3. Metagenesis atau Pergiliran Keturunan Paku
Pada metagenesis tumbuhan paku, baik pada paku homospora, paku heterospora, ataupun paku peralihan, pada prinsipnya sama. Ketika ada spora yang jatuh di tempat yang cocok, spora tadi akan berkembang menjadi protalium yang merupakan generasi penghasil gamet atau biasa disebut sebagai generasi gametofit, yang akan segera membentuk anteredium yang akan menghasilkan spermatozoid dan arkegonium yang akan menghasilkan ovum. Ketika spermatozoid dan ovum bertemu, akan terbentuk zigot yang diploid yang akan segera berkembang menjadi tumbuhan paku. Tumbuhan paku yang kita lihat sehari-hari merupakan generasi sporofit karena mampu membentuk sporangium yang akan menghasilkan spora untuk perkembangbiakan. Fase sporofit pada metagenesis tumbuhan paku memiliki sifat lebih dominan daripada fase gametofitnya. Apabila kita amati daun tumbuhan paku penghasil spora (sporofil), di sana akan kita jumpai organ-organ khusus pembentuk spora. Spora dihasilkan dan dibentuk dalam suatu wadah yang disebut sebagai sporangium. Biasanya sporangium pada tumbuhan paku terkumpul pada permukaan bawah daun.4. Manfaat Tumbuhan PakuDalam kehidupan sehari-hari, tumbuhan paku juga berperan dalam kehidupan, antara lain:
a.
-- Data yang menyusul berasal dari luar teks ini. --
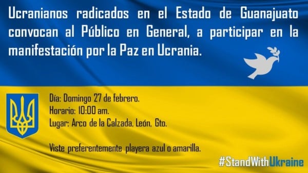 Llaman a la población general a unirse mediante el hashtag #StandWithUkraine. Piden vestir preferentemente playera azul o amarilla, colores de la bandera de Ucrania.
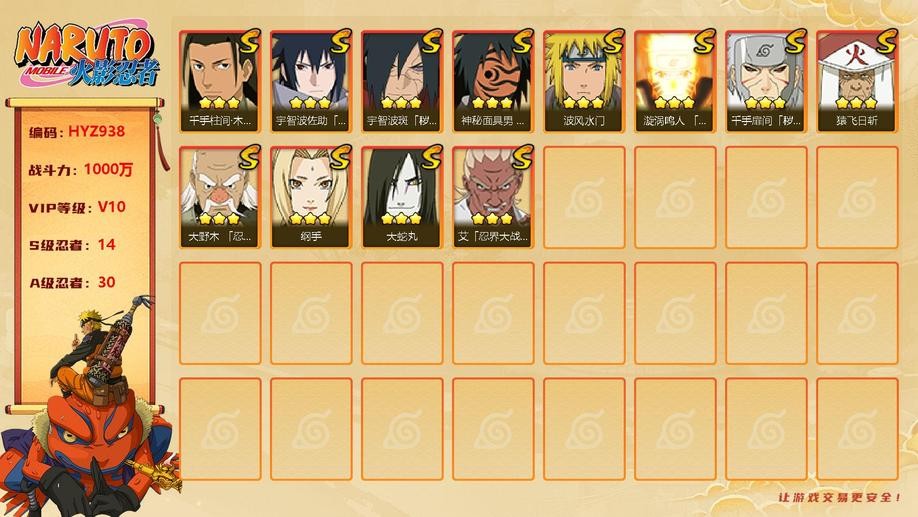 【HYZ938】V10/戰力1000W/S忍14/A忍30/水門/忍戰大野木/大蛇丸/綱手/創立柱間/穢土扉間/紅夜帶土/九鳴人/永恆萬花筒佐助/穢土解斑/三代火影/忍戰艾
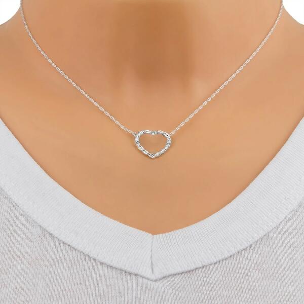 A medál méretei: 17 x 16 mmLánc szélesség: 1,1 mmLánc hossza: 410 mmHosszabbító lánc: 30 mmTeljes hossz hosszabbítással: 440 mm (+/- 5%)A nyaklánc súlya: 2,50 gFémjelzés – van. A 925 ezüst nyaklánc egy szív alakú, csavart vállú medállal. A medál négy átlátszó cirkóniával van díszítve, amelyek eleganciát és finom fényt adnak. A lánc sűrűn összekapcsolt ováli
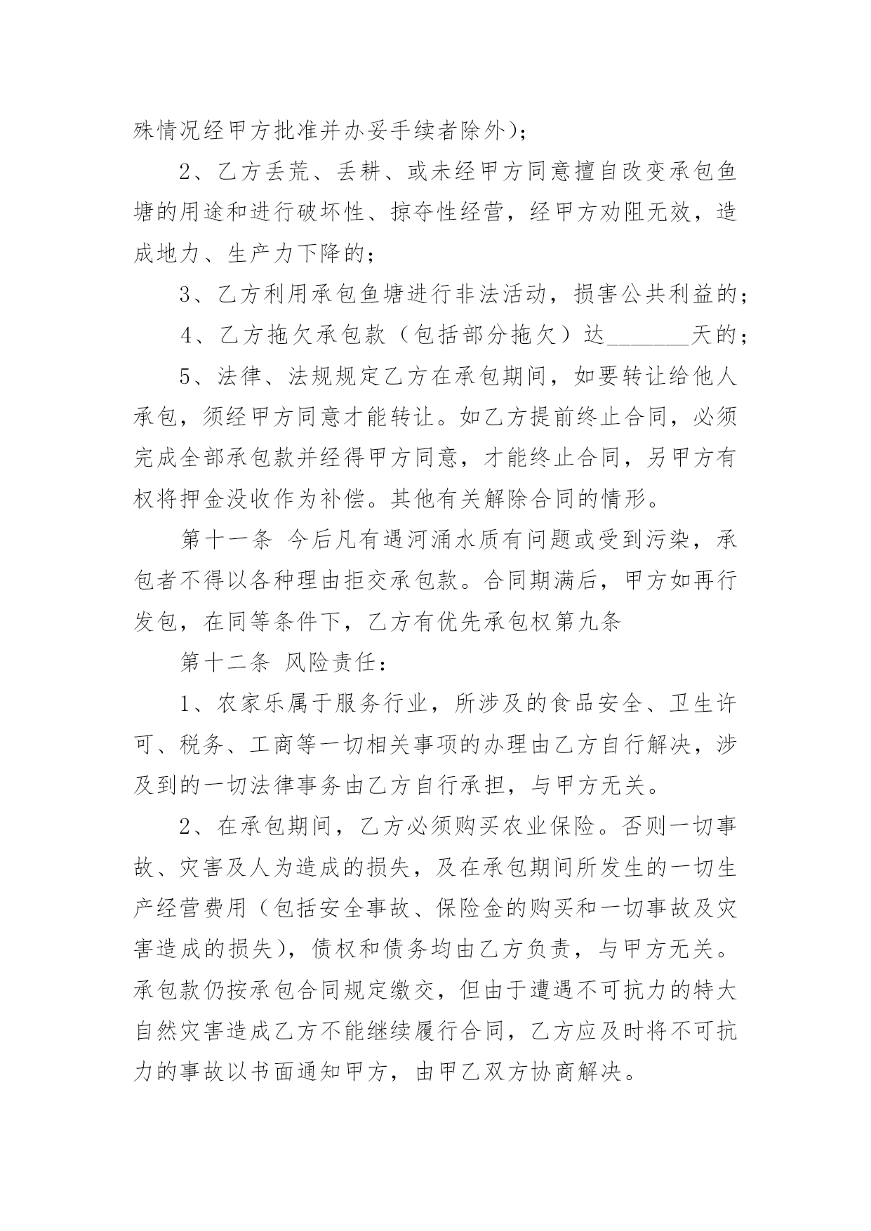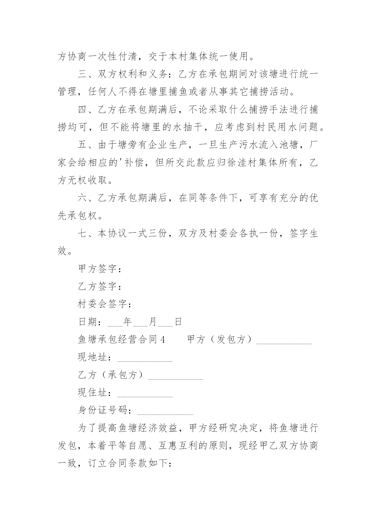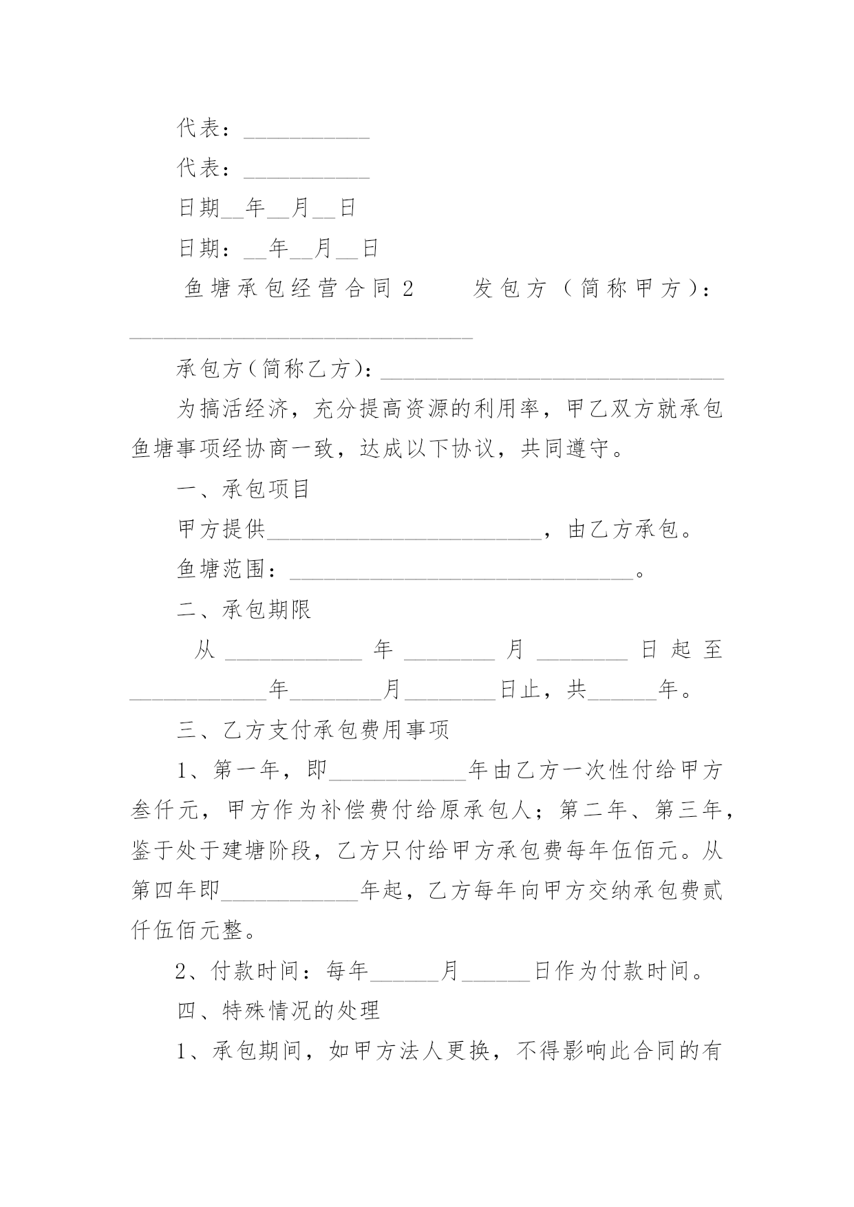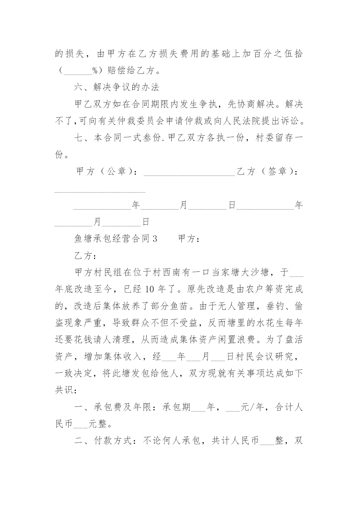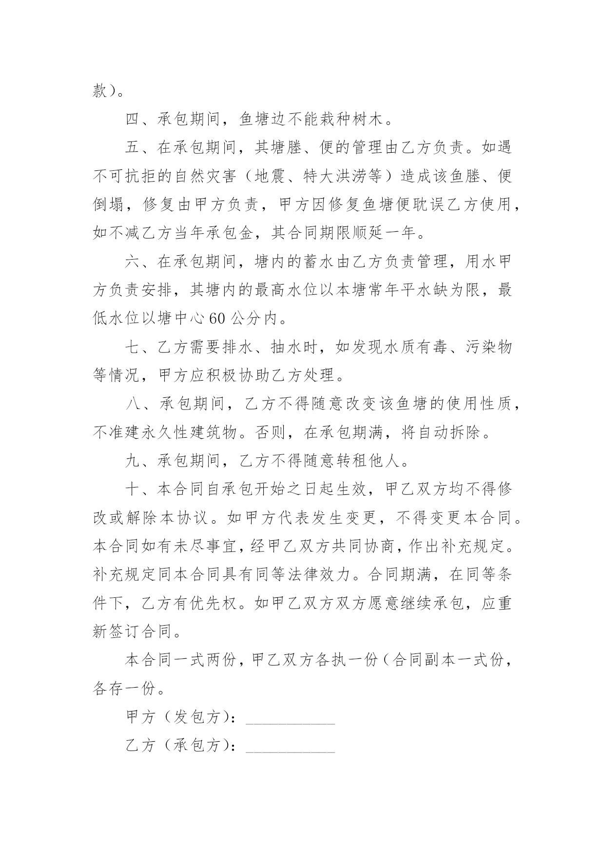 鱼塘承包经营合同鱼塘承包经营合同范本(精选8篇)随着法律法规不断完善,人们越发重视合同,能够利用到合同的场合越来越多,它可以保护民事法律关系。那么大家知道正规的合同书怎么写吗?下面是小编收集整理的鱼塘承包经营合同范本(精选8篇),仅供参考,欢迎大家阅读。鱼塘承包经营合同1甲方(发包方):___________现住址:___________乙方(承包方):___________现住址:___________因乙方的生产需要,为了更加提高经济效益,故需充分利用水资源,现就甲方自行所有的一口鱼塘,经甲乙双方认真协商订立本合同书,以供双方共同遵守。一、甲方发包的鱼塘座落及面积:该塘座落于:___________,面积约___________亩。二、承包期限:本协议承包期限为年,即从20__年__月__日起到20__年__月__日止。三、承包金额和付款方式:1、合同的`总金额为:___________元。2、付款方式为:A、20__年__月__日付款___________元(第一次付款)。B、20__年__月__日前付款___________元(第二次付款)。四、承包期间,鱼塘边不能栽种树木。五、在承包期间,其塘塍、便的管理由乙方负责。如遇不可抗拒的自然灾害(地震、特大洪涝等)造成该鱼塍、便倒塌,修复由甲方负责,甲方因修复鱼塘便耽误乙方使用,如不减乙方当年承包金,其合同期限顺延一年。六、在承包期间,塘内的蓄水由乙方负责管理,用水甲方负责安排,其塘内的最高水位以本塘常年平水缺为限,最低水位以塘中心60公分内。七、乙方需要排水、抽水时,如发现水质有毒、污染物等情况,甲方应积极协助乙方处理。八、承包期间,乙方不得随意改变该鱼塘的使用性质,不准建永久性建筑物。否则,在承包期满,将自动拆除。九、承包期间,乙方不得随意转租他人。十、本合同自承包开始之日起生效,甲乙双方均不得修改或解除本协议。如甲方代表发生变更,不得变更本合同。本合同如有未尽事宜,经甲乙双方共同协商,作出补充规定。补充规定同本合同具有同等法律效力。合同期满,在同等条件下,乙方有优先权。如甲乙双方双方愿意继续承包,应重新签订合同。本合同一式两份,甲乙双方各执一份(合同副本一式份,各存一份。甲方(发包方):___________乙方(承包方):___________代表:___________代表:___________日期__年__月__日日期:__年__月__日鱼塘承包经营合同2发包方(简称甲方):______________________________承包方(简称乙方):______________________________为搞活经济,充分提高资源的利用率,甲乙双方就承包鱼塘事项经协商一致,达成以下协议,共同遵守。一、承包项目甲方提供________________________,由乙方承包。鱼塘范围:______________________________。二、承包期限从____________年________月________日起至____________年________月________日止,共______年。三、乙方支付承包费用事项1、第一年,即____________年由乙方一次性付给甲方叁仟元,甲方作为补偿费付给原承包人;第二年、第三年,鉴于处于建塘阶段,乙方只付给甲方承包费每年伍佰元。从第四年即____________年起,乙方每年向甲方交纳承包费贰仟伍佰元整。2、付款时间:每年______月______日作为付款时间。四、特殊情况的处理1、承包期间,如甲方法人更换,不得影响此合同的有效性。合同期内,甲方不得以任何理由单方推翻或修改合同。2、如国家征用,按下列意见处理:(1)承包期限(即20年)内,乙方扩建、改善鱼塘所有投资而获得的赔偿费归乙方所得,土地赔偿费归甲方。(2)乙方投放的鱼苗以及乙方增建的经营设施(简易房屋、所种的树、花草、开出的停车场以及所修的'路等)的赔偿费,全部归乙方。(3)20年承包期限满后,如国家征用,甲方可享受乙方所有投资赔偿金的百分之______(______%)。土地赔偿金仍归甲方。3、承包期内,如乙方因重大特殊原因暂时或长期不能管理鱼塘,乙方有权委托直系亲属或按本合同条款转包他人,甲方不得阻止和干预。4、乙方承包期问,如遇纠纷,属土地使用权引起的,由甲方负责处理;属乙方经营等问题的,由乙方自行处理。5、承包期满后,如鱼塘继续承包,同等条件下优先考虑乙方。五、违约责任1、本合同生效后,甲方应在一个星期内将鱼塘交付给乙方。不能按时交付,每天赔偿违约金____________元给乙方,从乙方付给甲方的承包费中扣除。2、乙方在承包期限内,不能按时交纳承包费,遗期每天赔偿违约金____________元给甲方。3、如甲方违约
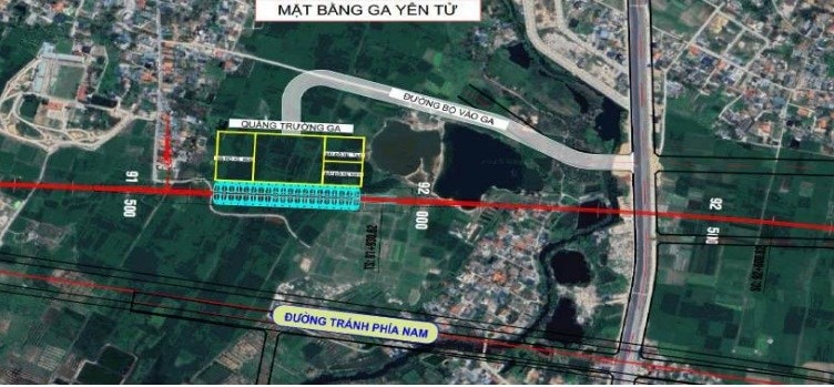 Là ga trung gian tại tỉnh Quảng Ninh, diện tích khoảng 0,91 ha. Vị trí ga gần đền Trình – Yên Tử (cách 500 m) và dự kiến kết nối với ga cuối tuyến đường sắt Monorail và bến xe phía Tây của tỉnh theo quy hoạch.
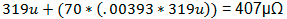 如果初始容限为10%,那么图1所示180nH电感器的DCR可能低至261mΩ或高达319mΩ。雪上加霜的是,电感器会发热,铜线绕组的温度系数为3930PPM/ºC或0.393%/ºC。如果应用的温度上升至比环境温度高35ºC,电感器本身发热使温度再上升35ºC,那么标称DCR就可能升至:
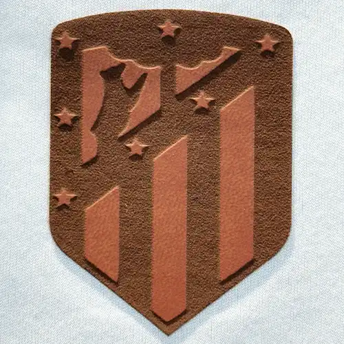 Emblema textil termoadhesivo de piel sintética grabado con láser de alta precisión. La alternativa perfecta para quienes buscan un acabado premium, sostenible y moderno en sus diseños de emblemas textiles.
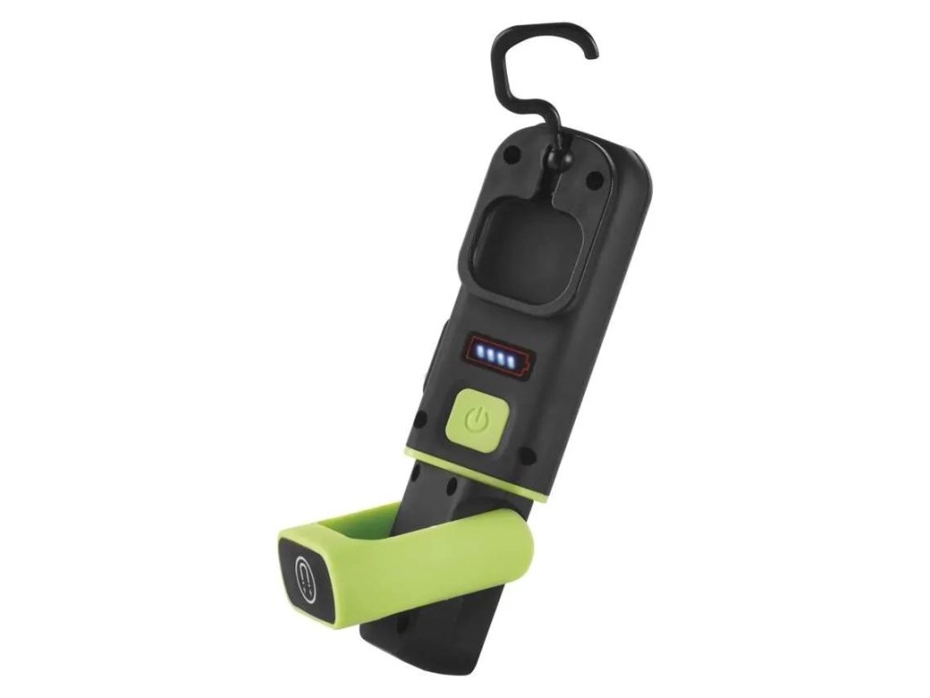 A praktikus, újratölthető lámpa nagy teljesítményű COB és SMD LED világítással nagyszerű segítőtárs a háztartási javításokhoz, a műhelyben végzett munkához és a kempingezéshez. A 330 lm maximális fényáramnak és a akár 45 méteres hatótávolságnak köszönhetően elegendő fényt biztosít a nagyobb igénybevételt jelentő körülményekhez is.
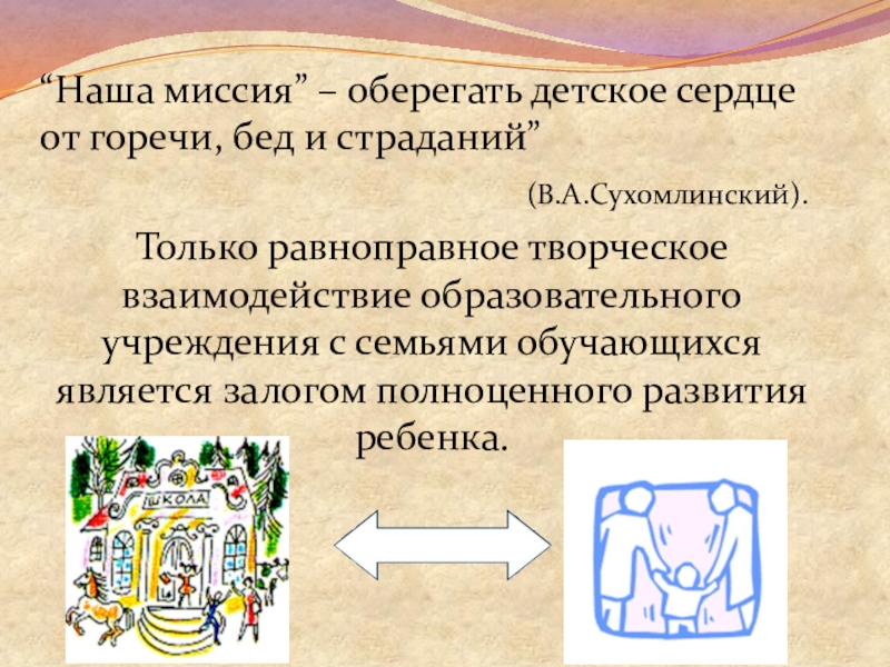 Только равноправное творческое взаимодействие образовательного учреждения с семьями обучающихся является залогом полноценного развития ребенка.
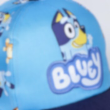 Superfin barnkeps i vackra blå färgnyanser med motiv av hunden Bluey och utstående små öron. Kepsen är tillverkad av 50 % bomull och 50 % polyester. Kepsen har en omkrets på 53 cm och är justerbar baktill, vilket gör att den oftast passar barn i åldern ca 4 till 6 år.
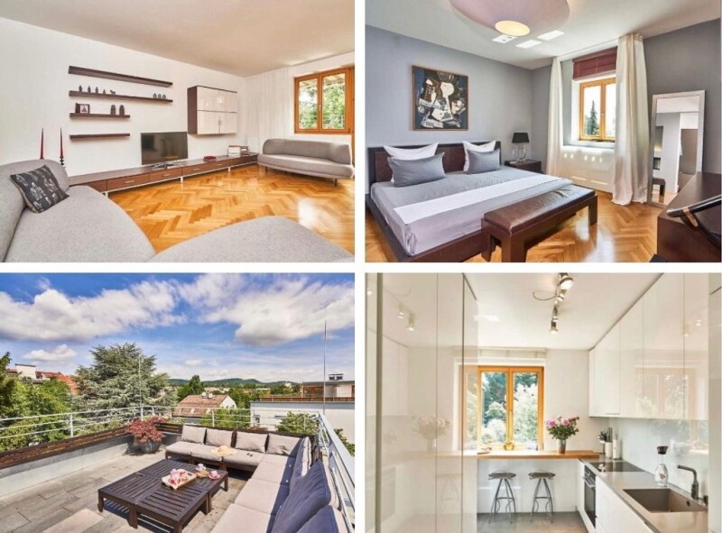 Duplex penthouse of the best location in the 19th district of Vienna! Most prestigious and green area of the city! Total area: 106 m2 Number of rooms: 3 Number of bedrooms: 2 Number of bathrooms: 2 Number of bathrooms: 2 Terrace: 28 m2 Balcony: 8m2 - Roof terrace with panoramic view of the Vienna Woods - Fully furnished apartment - Fireplace in the living room - Two parking spaces in the underground garage can be purchased separately Purchase price: 994.000€ Price per parking space: 35.000€.

Sebagai tanaman hias, misalnya Adiantum cuneatum (suplir), Asplenium nidus (paku sarang burung) dan Platycerium biforme (paku simbar menjangan).
b. Sebagai tanaman obat, misalnya rimpang dari Aspidium filixmas (Dryopteris) yang mampu mengobati cacingan.c. Sebagai bingkai dalam karangan bunga.d. Sebagai pupuk hijau.e. Sebagai sayuran, contohnya adalah Marsilea crenata (semanggi).